[Recorded information Boundary: Start]

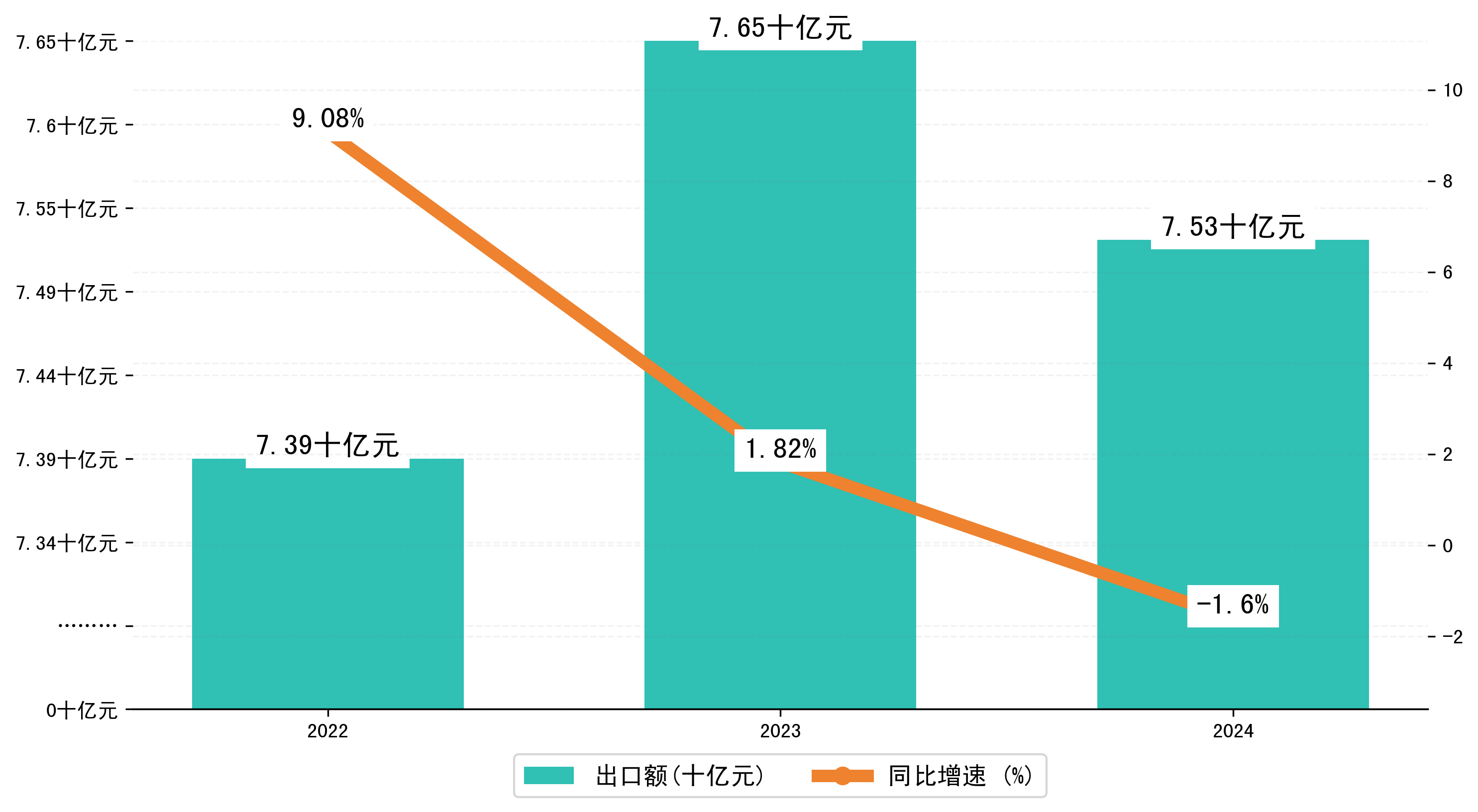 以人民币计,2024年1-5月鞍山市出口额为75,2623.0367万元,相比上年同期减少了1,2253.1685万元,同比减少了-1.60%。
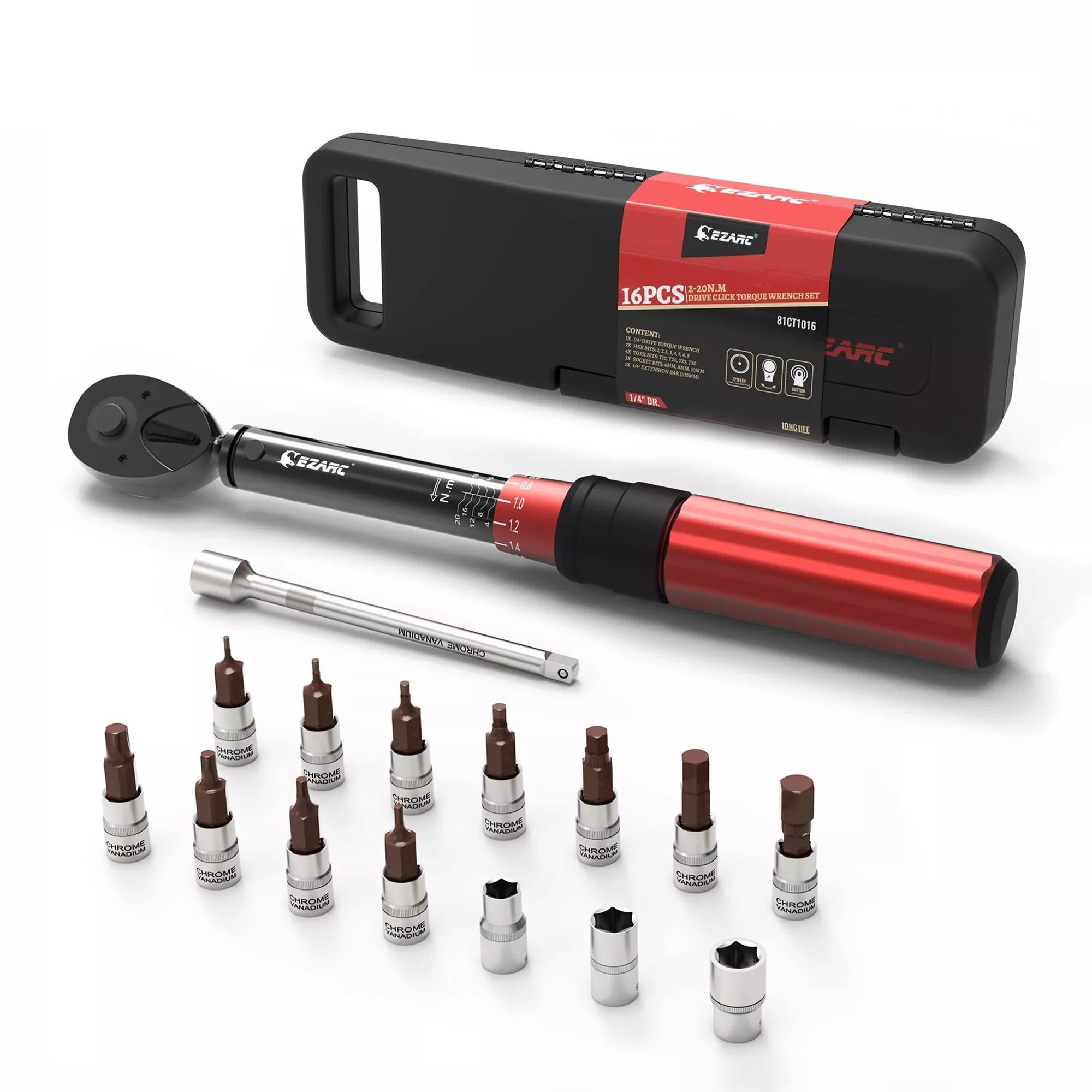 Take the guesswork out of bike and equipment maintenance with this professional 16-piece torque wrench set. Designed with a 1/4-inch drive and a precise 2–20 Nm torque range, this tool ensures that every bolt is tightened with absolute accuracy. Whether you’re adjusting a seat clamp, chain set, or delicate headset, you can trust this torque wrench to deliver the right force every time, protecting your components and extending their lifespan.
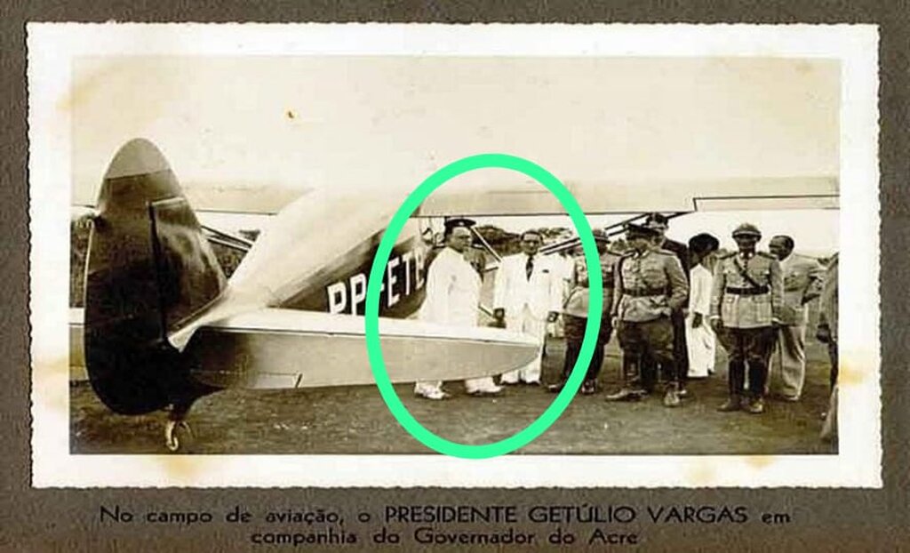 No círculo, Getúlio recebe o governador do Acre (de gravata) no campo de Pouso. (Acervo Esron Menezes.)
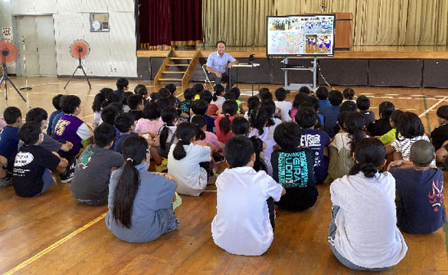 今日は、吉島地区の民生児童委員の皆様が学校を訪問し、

[Recorded information Boundary: End]

§ Exercise: Every line from the one holding "Take the guesswork" to the last line of the listing above, inclusive, must appear exactly as written, and no picture may appear.

§ Result:
 Take the guesswork out of bike and equipment maintenance with this professional 16-piece torque wrench set. Designed with a 1/4-inch drive and a precise 2–20 Nm torque range, this tool ensures that every bolt is tightened with absolute accuracy. Whether you’re adjusting a seat clamp, chain set, or delicate headset, you can trust this torque wrench to deliver the right force every time, protecting your components and extending their lifespan.
 No círculo, Getúlio recebe o governador do Acre (de gravata) no campo de Pouso. (Acervo Esron Menezes.)
 今日は、吉島地区の民生児童委員の皆様が学校を訪問し、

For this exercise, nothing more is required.